## GIVEN MATERIAL
* * * *
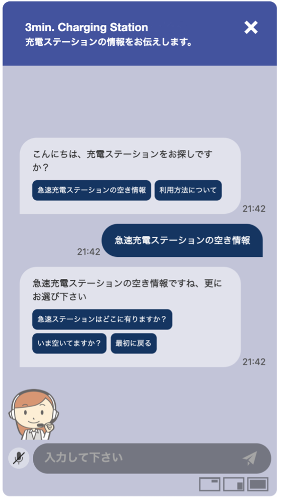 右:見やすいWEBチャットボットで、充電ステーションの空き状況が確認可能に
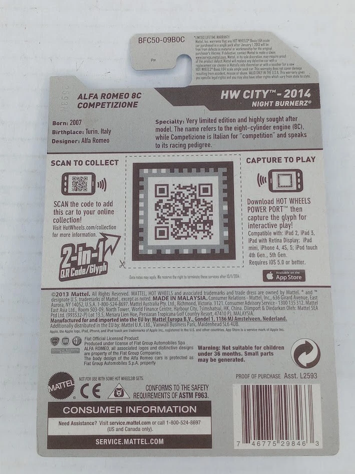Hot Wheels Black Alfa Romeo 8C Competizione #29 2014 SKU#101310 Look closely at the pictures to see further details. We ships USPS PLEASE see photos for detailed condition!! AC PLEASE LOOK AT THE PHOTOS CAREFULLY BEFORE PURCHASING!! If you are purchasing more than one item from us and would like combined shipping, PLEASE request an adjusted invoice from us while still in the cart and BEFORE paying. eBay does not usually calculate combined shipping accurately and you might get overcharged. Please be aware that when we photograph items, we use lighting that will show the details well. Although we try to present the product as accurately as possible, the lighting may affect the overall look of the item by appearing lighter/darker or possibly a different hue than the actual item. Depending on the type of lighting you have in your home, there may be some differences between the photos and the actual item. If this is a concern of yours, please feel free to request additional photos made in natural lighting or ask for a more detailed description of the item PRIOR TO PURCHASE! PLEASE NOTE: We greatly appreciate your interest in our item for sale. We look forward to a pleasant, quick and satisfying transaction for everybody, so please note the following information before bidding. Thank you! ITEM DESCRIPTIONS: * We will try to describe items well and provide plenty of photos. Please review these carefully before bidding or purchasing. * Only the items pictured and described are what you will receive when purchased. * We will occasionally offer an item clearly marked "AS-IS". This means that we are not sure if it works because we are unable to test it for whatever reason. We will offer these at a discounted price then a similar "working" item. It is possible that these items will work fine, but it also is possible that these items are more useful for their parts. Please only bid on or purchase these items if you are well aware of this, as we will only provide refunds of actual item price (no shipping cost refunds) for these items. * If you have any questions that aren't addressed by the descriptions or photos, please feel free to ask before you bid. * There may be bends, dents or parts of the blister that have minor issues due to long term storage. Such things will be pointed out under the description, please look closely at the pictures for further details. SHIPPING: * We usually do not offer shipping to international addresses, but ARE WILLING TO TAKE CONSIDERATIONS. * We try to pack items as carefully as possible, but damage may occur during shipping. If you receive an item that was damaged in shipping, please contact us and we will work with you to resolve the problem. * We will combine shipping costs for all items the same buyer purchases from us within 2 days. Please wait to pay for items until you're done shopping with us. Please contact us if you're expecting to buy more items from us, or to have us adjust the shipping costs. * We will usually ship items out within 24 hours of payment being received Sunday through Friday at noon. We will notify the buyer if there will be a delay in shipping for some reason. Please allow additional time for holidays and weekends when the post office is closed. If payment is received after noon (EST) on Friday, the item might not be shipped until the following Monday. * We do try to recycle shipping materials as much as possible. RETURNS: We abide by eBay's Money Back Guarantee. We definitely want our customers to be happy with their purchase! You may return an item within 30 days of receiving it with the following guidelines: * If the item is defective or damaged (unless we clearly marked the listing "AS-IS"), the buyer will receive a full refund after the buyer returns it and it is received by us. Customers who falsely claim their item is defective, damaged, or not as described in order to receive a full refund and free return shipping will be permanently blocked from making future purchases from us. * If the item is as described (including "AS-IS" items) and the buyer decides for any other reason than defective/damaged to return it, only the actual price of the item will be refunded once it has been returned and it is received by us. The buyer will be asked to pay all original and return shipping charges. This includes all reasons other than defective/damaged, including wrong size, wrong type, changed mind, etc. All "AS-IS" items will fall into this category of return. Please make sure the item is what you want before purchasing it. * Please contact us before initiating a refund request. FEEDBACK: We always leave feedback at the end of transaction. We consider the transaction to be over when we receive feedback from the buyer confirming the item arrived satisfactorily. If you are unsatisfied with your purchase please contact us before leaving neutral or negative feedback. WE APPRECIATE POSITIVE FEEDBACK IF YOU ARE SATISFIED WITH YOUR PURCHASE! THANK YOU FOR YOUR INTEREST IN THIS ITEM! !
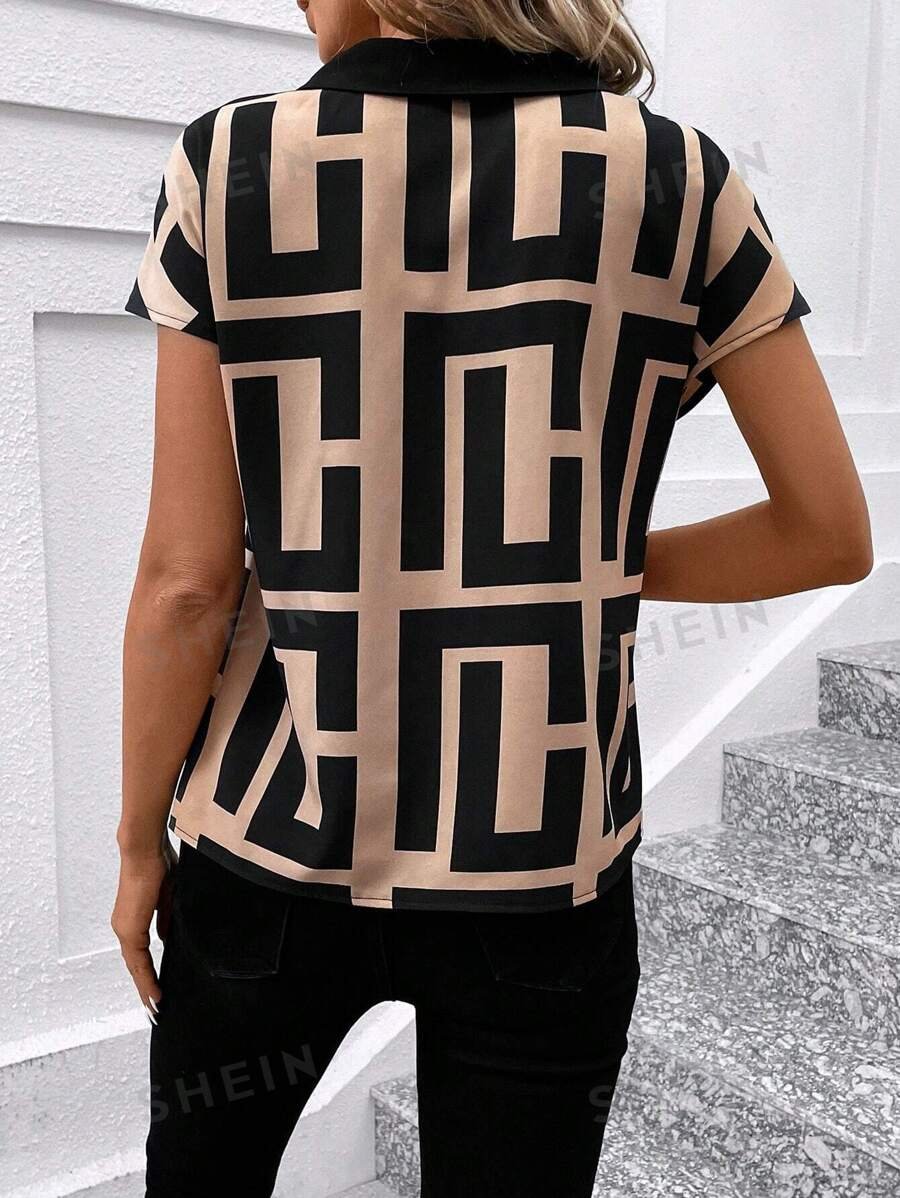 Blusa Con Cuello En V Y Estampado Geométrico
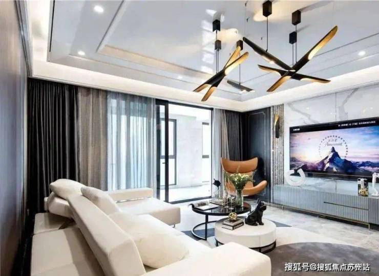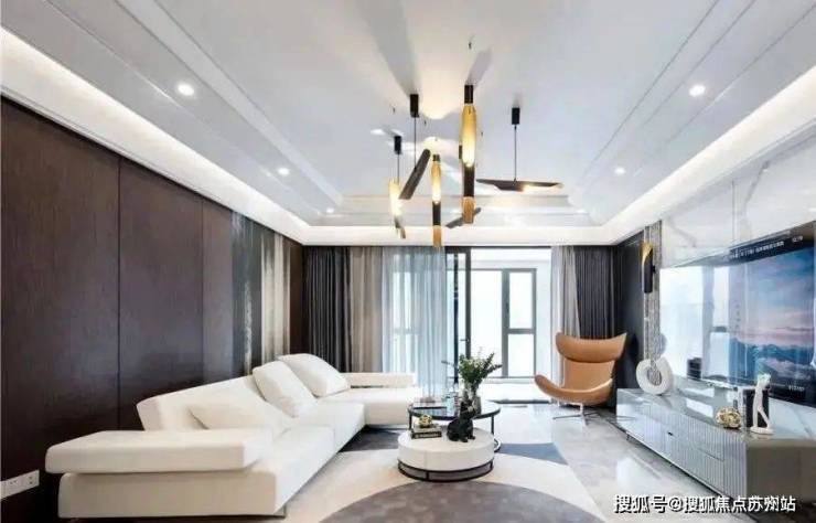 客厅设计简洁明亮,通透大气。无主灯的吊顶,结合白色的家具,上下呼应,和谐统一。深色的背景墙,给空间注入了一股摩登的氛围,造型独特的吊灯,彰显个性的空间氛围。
* * * *
## EXERCISE DIRECTIONS
Set the whole listing down again unchanged, apart from the pictures, which are omitted.

## WORKED SOLUTION
 右:見やすいWEBチャットボットで、充電ステーションの空き状況が確認可能に
Hot Wheels Black Alfa Romeo 8C Competizione #29 2014 SKU#101310 Look closely at the pictures to see further details. We ships USPS PLEASE see photos for detailed condition!! AC PLEASE LOOK AT THE PHOTOS CAREFULLY BEFORE PURCHASING!! If you are purchasing more than one item from us and would like combined shipping, PLEASE request an adjusted invoice from us while still in the cart and BEFORE paying. eBay does not usually calculate combined shipping accurately and you might get overcharged. Please be aware that when we photograph items, we use lighting that will show the details well. Although we try to present the product as accurately as possible, the lighting may affect the overall look of the item by appearing lighter/darker or possibly a different hue than the actual item. Depending on the type of lighting you have in your home, there may be some differences between the photos and the actual item. If this is a concern of yours, please feel free to request additional photos made in natural lighting or ask for a more detailed description of the item PRIOR TO PURCHASE! PLEASE NOTE: We greatly appreciate your interest in our item for sale. We look forward to a pleasant, quick and satisfying transaction for everybody, so please note the following information before bidding. Thank you! ITEM DESCRIPTIONS: * We will try to describe items well and provide plenty of photos. Please review these carefully before bidding or purchasing. * Only the items pictured and described are what you will receive when purchased. * We will occasionally offer an item clearly marked "AS-IS". This means that we are not sure if it works because we are unable to test it for whatever reason. We will offer these at a discounted price then a similar "working" item. It is possible that these items will work fine, but it also is possible that these items are more useful for their parts. Please only bid on or purchase these items if you are well aware of this, as we will only provide refunds of actual item price (no shipping cost refunds) for these items. * If you have any questions that aren't addressed by the descriptions or photos, please feel free to ask before you bid. * There may be bends, dents or parts of the blister that have minor issues due to long term storage. Such things will be pointed out under the description, please look closely at the pictures for further details. SHIPPING: * We usually do not offer shipping to international addresses, but ARE WILLING TO TAKE CONSIDERATIONS. * We try to pack items as carefully as possible, but damage may occur during shipping. If you receive an item that was damaged in shipping, please contact us and we will work with you to resolve the problem. * We will combine shipping costs for all items the same buyer purchases from us within 2 days. Please wait to pay for items until you're done shopping with us. Please contact us if you're expecting to buy more items from us, or to have us adjust the shipping costs. * We will usually ship items out within 24 hours of payment being received Sunday through Friday at noon. We will notify the buyer if there will be a delay in shipping for some reason. Please allow additional time for holidays and weekends when the post office is closed. If payment is received after noon (EST) on Friday, the item might not be shipped until the following Monday. * We do try to recycle shipping materials as much as possible. RETURNS: We abide by eBay's Money Back Guarantee. We definitely want our customers to be happy with their purchase! You may return an item within 30 days of receiving it with the following guidelines: * If the item is defective or damaged (unless we clearly marked the listing "AS-IS"), the buyer will receive a full refund after the buyer returns it and it is received by us. Customers who falsely claim their item is defective, damaged, or not as described in order to receive a full refund and free return shipping will be permanently blocked from making future purchases from us. * If the item is as described (including "AS-IS" items) and the buyer decides for any other reason than defective/damaged to return it, only the actual price of the item will be refunded once it has been returned and it is received by us. The buyer will be asked to pay all original and return shipping charges. This includes all reasons other than defective/damaged, including wrong size, wrong type, changed mind, etc. All "AS-IS" items will fall into this category of return. Please make sure the item is what you want before purchasing it. * Please contact us before initiating a refund request. FEEDBACK: We always leave feedback at the end of transaction. We consider the transaction to be over when we receive feedback from the buyer confirming the item arrived satisfactorily. If you are unsatisfied with your purchase please contact us before leaving neutral or negative feedback. WE APPRECIATE POSITIVE FEEDBACK IF YOU ARE SATISFIED WITH YOUR PURCHASE! THANK YOU FOR YOUR INTEREST IN THIS ITEM! !
 Blusa Con Cuello En V Y Estampado Geométrico
 客厅设计简洁明亮,通透大气。无主灯的吊顶,结合白色的家具,上下呼应,和谐统一。深色的背景墙,给空间注入了一股摩登的氛围,造型独特的吊灯,彰显个性的空间氛围。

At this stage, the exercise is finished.